Experimental Design: A s.c. tumor model of HT29 human colon carcinoma in athymic mice was used. Two DCE-MRI techniques were used based, respectively, on macromolecular [Gd-diethylenetriaminepentaacetic acid (DTPA)-albumin] and low molecular weight (Gd-DTPA) contrast agents. The first technique provided a quantitative measurement of transendothelial permeability and fractional plasma volume, accepted surrogate markers of tumor angiogenesis. With the second technique, we quantified the initial area under the concentration-time curve, which gives information related to tumor perfusion and vascular permeability. Experiments were done before and 24 hours after a single dose administration of SU11248.
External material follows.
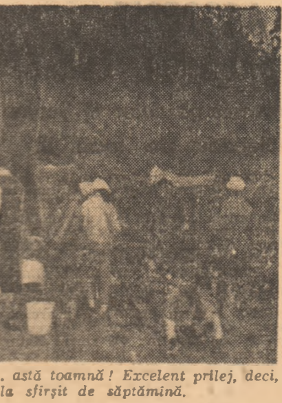
La Baia Mare, primăvara a sosit de... astă toamnă! Excelent prilej, deci, pentru o mini-excursie la șirșit de săptămână.

Results: The early antiangiogenic effect of SU11248 was detected by DCE-MRI with macromolecular contrast agent as a 42% decrease in vascular permeability measured in the tumor rim. The effect was also detected by DCE-MRI done with Gd-DTPA as a 31% decrease in the initial area under the concentration-time curve. Histologic slices showed a statistically significant difference in mean vessel density between the treated and control groups.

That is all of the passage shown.